TASK DETAILS: Print the whole listing exactly as it appears, but skip the pictures.

GIVEN MATERIAL:
____
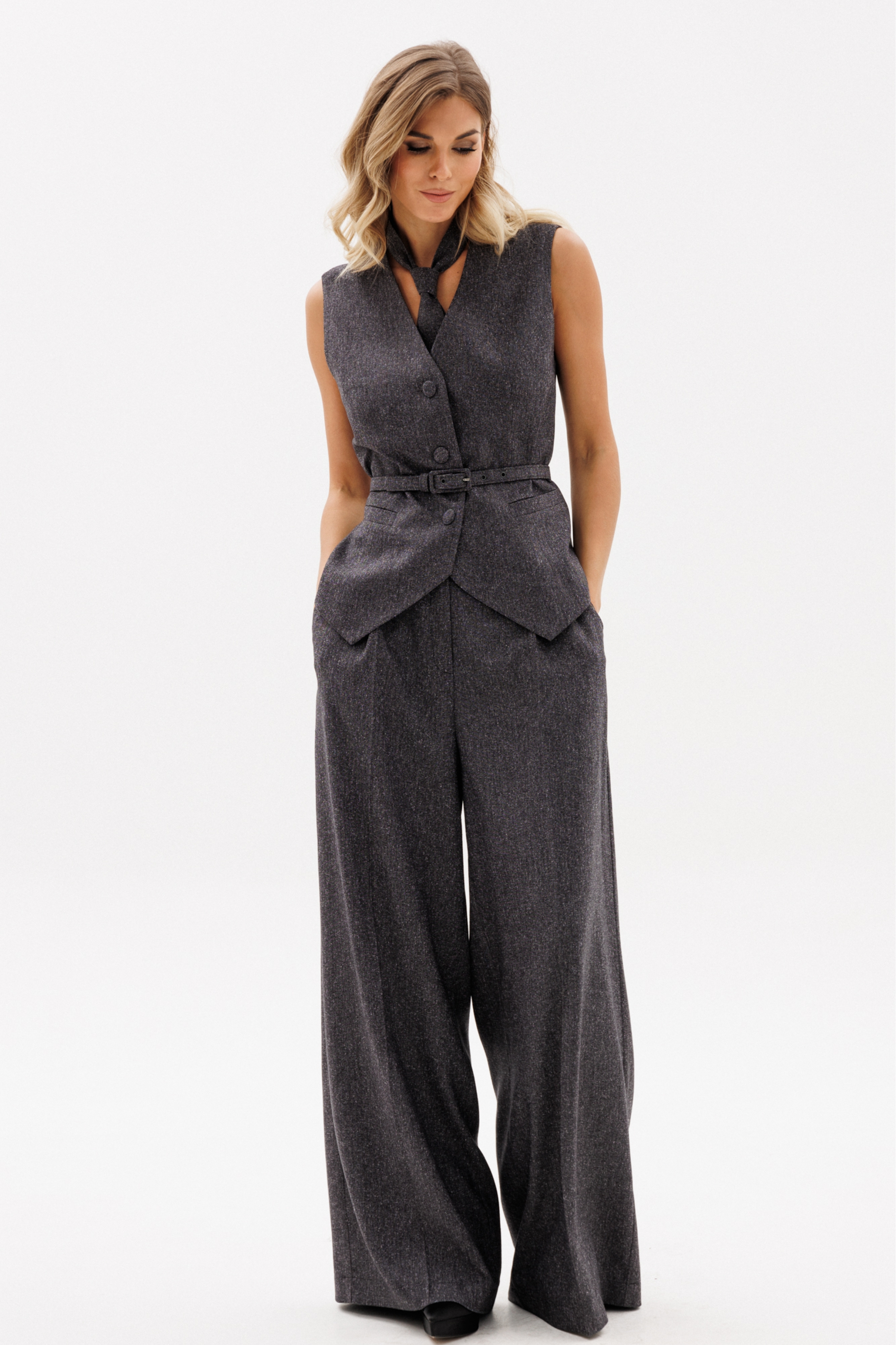 Жилет выполнен из костюмной ткани меланж. Жилет полуприлегающего силуэта, длиной до линии бедер. Низ жилета фигурной формы. Спереди декоративные карманы и центральная застежка на пуговицы. Горловина переда V-образной формы. Жилет на притачной по низу подкладке. В комплект входит ремень из основной ткани с обтяжной пряжкой.
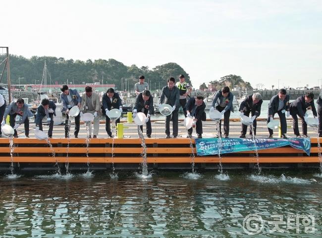 사전 행사로 수산자원 회복과 어업인 소득을 증대키 위해 조피볼락 10만미를 장고항과 인근 해역에 방류했다.
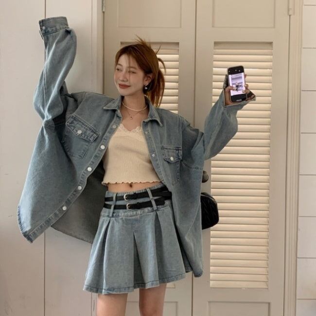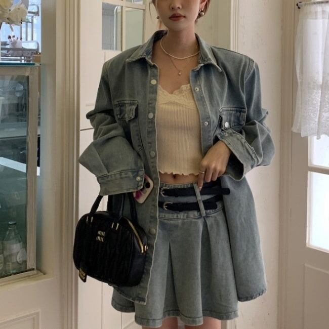 デニム セットアップ レディース 韓国 ファッション デニム ジャケット プリーツ ミニスカート 上下セット
____
PROBLEM SOLUTION:
 Жилет выполнен из костюмной ткани меланж. Жилет полуприлегающего силуэта, длиной до линии бедер. Низ жилета фигурной формы. Спереди декоративные карманы и центральная застежка на пуговицы. Горловина переда V-образной формы. Жилет на притачной по низу подкладке. В комплект входит ремень из основной ткани с обтяжной пряжкой.
 사전 행사로 수산자원 회복과 어업인 소득을 증대키 위해 조피볼락 10만미를 장고항과 인근 해역에 방류했다.
 デニム セットアップ レディース 韓国 ファッション デニム ジャケット プリーツ ミニスカート 上下セット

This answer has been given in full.